FIG. 1 is an assembled perspective view of an electrostatic micro relay according to a first embodiment.

FIG. 2 is an exploded perspective view of FIG.

FIG. 3 is a perspective view showing a state in which the movable substrate shown in FIG. 2 is viewed from the opposite side.

FIG. 4 is a cross-sectional view showing a processing process of the electrostatic micro relay shown in FIG.

FIG. 5 is a schematic diagram showing an operation state of the electrostatic micro relay shown in FIG.

FIG. 6 is a graph showing a relationship between a gap size between a fixed substrate and a movable substrate, an electrostatic attractive force, and an elastic force of the movable substrate.

FIG. 7 is a block diagram showing a state where the electrostatic micro relay of FIG. 1 is employed in a wireless device.

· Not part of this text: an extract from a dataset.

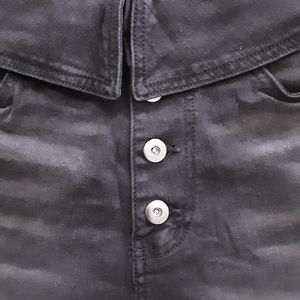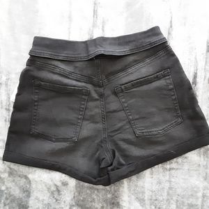 NWT black denim shorts, size 3, high rise stretch. Fold over waste, button fly.
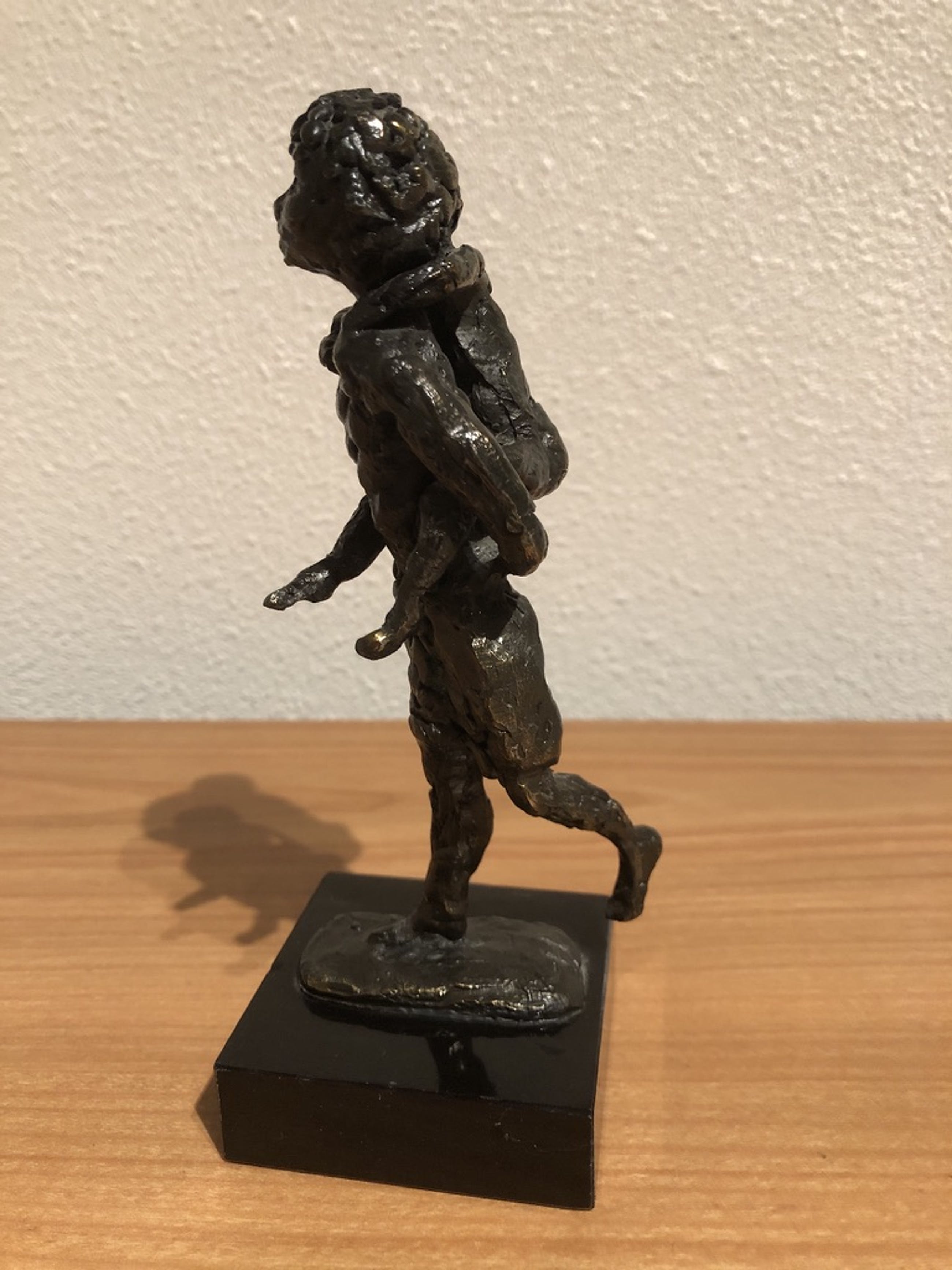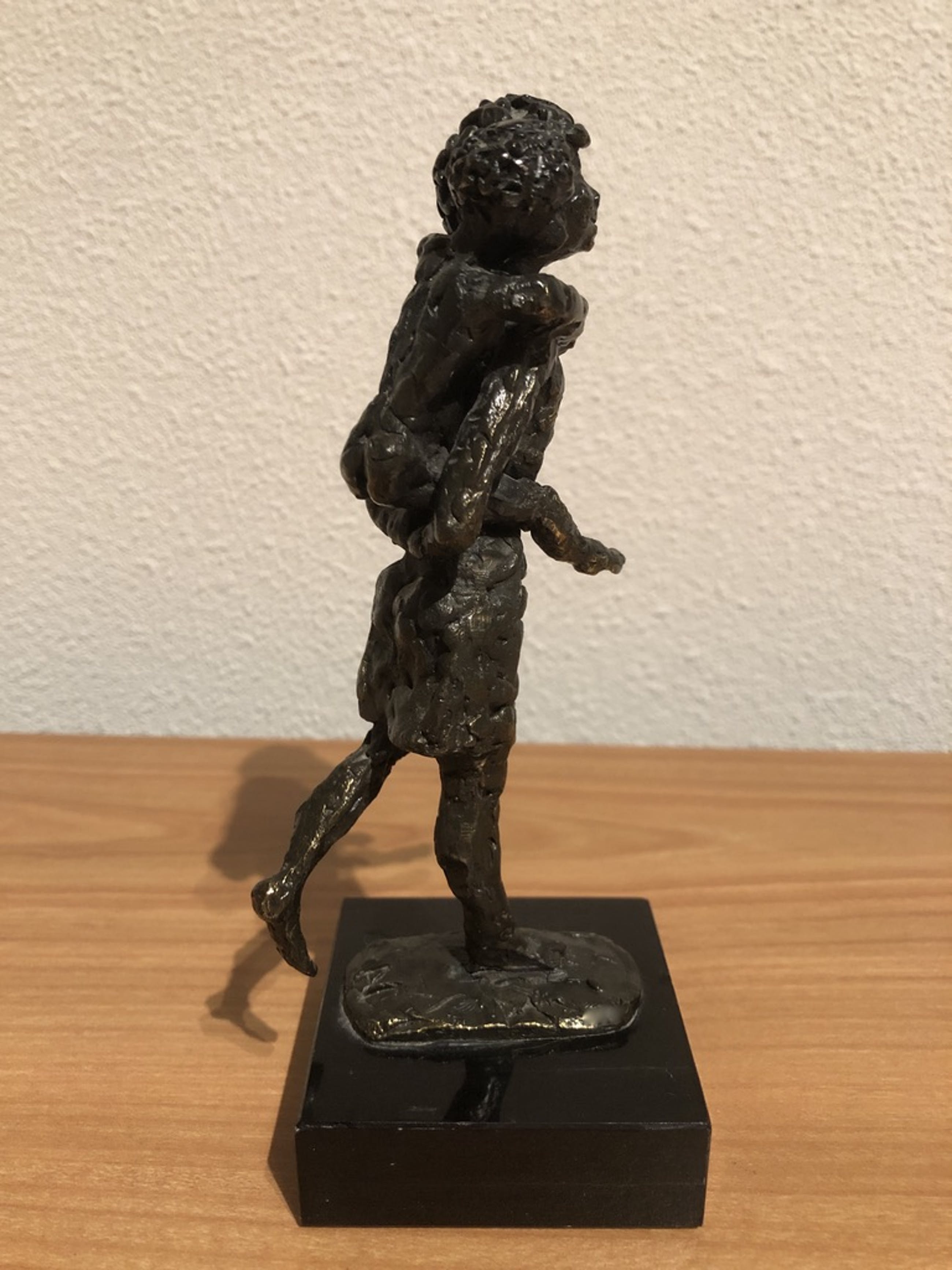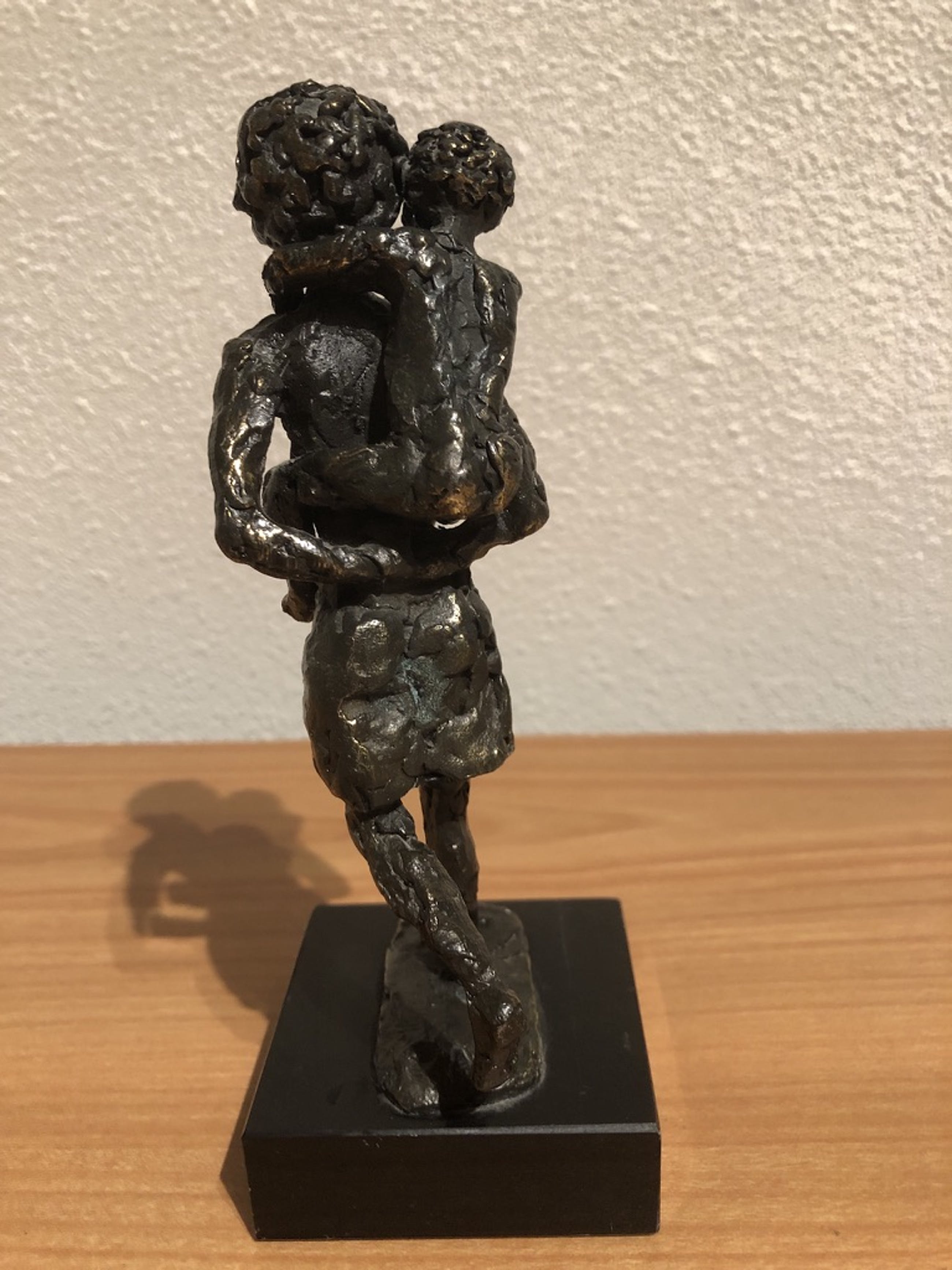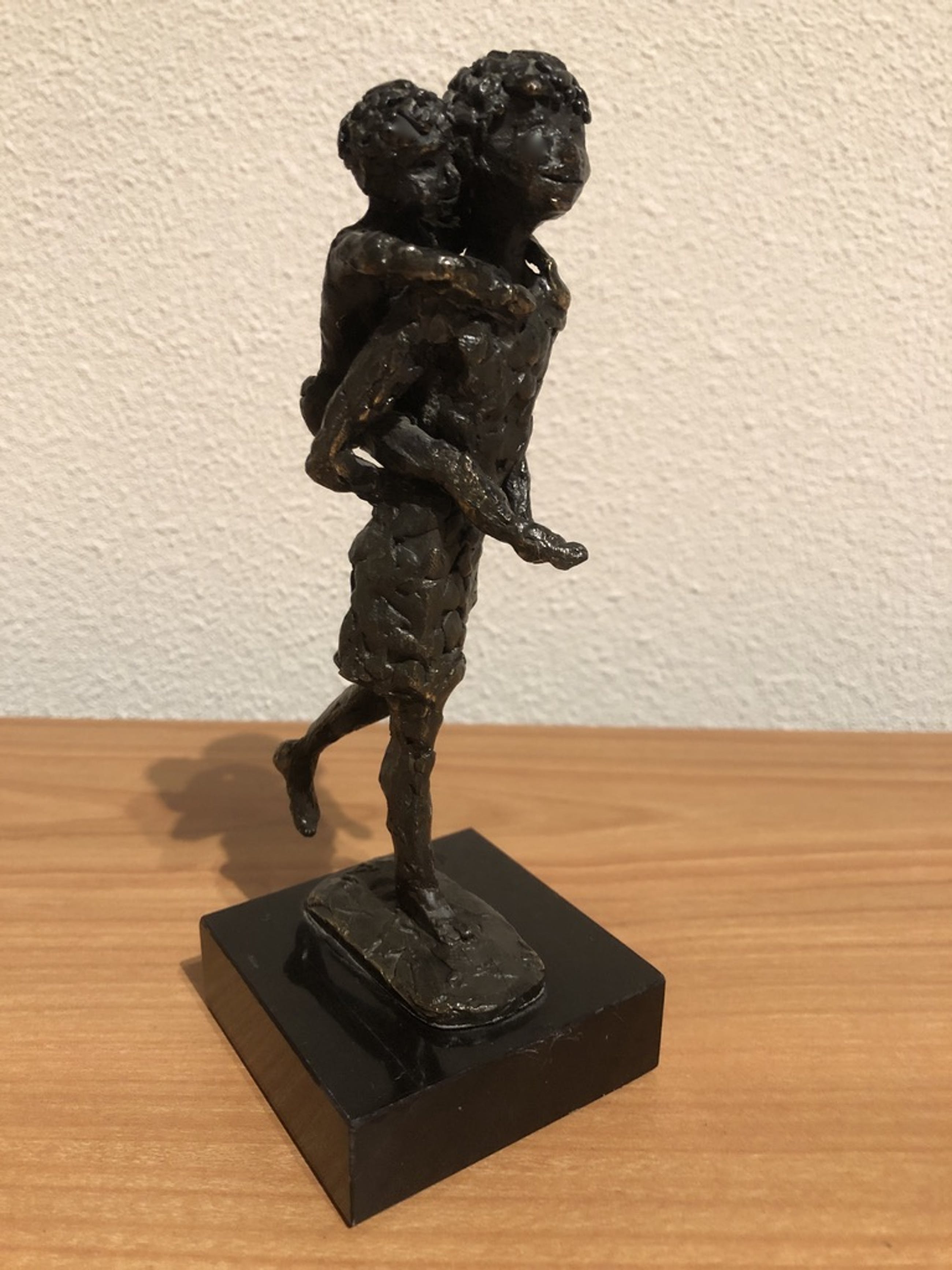 Het betreft een schitterend beeld van een moeder met haar kind op de rug.

8 is a block diagram showing a state in which the electrostatic micro relay of FIG. 1 is employed in a measuring device.

FIG. 9 is a plan view (a) and a sectional view (b) of an electrostatic micro relay according to another embodiment.

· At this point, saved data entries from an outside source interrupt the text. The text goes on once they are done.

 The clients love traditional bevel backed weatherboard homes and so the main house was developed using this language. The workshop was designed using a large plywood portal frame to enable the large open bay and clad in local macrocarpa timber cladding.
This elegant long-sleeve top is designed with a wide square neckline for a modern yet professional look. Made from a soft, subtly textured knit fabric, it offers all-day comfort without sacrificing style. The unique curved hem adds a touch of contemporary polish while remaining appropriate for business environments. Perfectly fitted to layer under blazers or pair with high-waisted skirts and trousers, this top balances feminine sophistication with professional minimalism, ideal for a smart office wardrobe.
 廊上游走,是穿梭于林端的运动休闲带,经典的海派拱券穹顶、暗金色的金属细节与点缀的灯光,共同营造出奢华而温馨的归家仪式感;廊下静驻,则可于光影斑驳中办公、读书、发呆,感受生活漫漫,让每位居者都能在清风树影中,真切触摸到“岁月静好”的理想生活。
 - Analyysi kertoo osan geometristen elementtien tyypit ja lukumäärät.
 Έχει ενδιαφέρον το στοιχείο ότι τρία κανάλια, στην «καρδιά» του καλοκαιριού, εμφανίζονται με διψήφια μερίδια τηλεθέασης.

FIG. 10 is a plan view (a) and a sectional view (b) of an electrostatic micro relay according to another embodiment.

[Explanation of symbols]

 DESCRIPTION OF SYMBOLS 1 ... Fixed board 2 ... Movable board 4 ... Fixed electrode 5a, 5b ... Signal line 6 ... Insulating film 7 ... Fixed contact 10 ... Support part 11 ... 1st beam part 12 ... Movable electrode 13 ... 2nd beam part 16 ... Movable contact 17 ... convex part

Claims (6)

[Claims] The movable substrate is formed on the fixed substrate by driving the movable substrate based on an electrostatic attraction generated between a fixed electrode of the fixed substrate and a movable electrode of the movable substrate supported on the fixed substrate via a beam. An electrostatic micro relay that electrically opens and closes the signal lines by contacting and separating a movable contact formed on the movable substrate via an insulating film with fixed contacts provided on the two signal lines, respectively. The beam portion is located at a point symmetric position 2 about the movable contact.
The movable substrate is elastically supported, and the signal lines are arranged on the same straight line on the fixed substrate so that the fixed contacts at one end are adjacent to each other at a predetermined interval. The portion facing the line is removed, and the movable contact is elastically supported at two points that are orthogonal to the straight line on which the signal line is provided, and that do not face the signal line, and on one of the substrates, An electrostatic microrelay, wherein a pair of convex portions are formed point-symmetrically with respect to the movable contact at a portion which first comes into contact with the opposing substrate after the contact is closed. 2. The method according to claim 1, wherein after one of the substrates has the convex portion in contact with the opposing substrate, the convex portion is sequentially disposed in a portion in contact with the opposing substrate. Electrostatic micro relay. 3. The electrostatic micro relay according to claim 1, wherein the projection is made of an insulating material. 4. The electrostatic microrelay according to claim 1, wherein an electrode is removed from at least a portion of the substrate at which the protrusion contacts and separates. 5. A wireless device, wherein the electrostatic micro relay according to claim 1 is provided so as to open and close an electric signal between an antenna and an internal circuit. 6. A measuring apparatus, wherein the electrostatic micro relay according to claim 1 is provided so as to open and close an electric signal between an object to be measured and an internal circuit.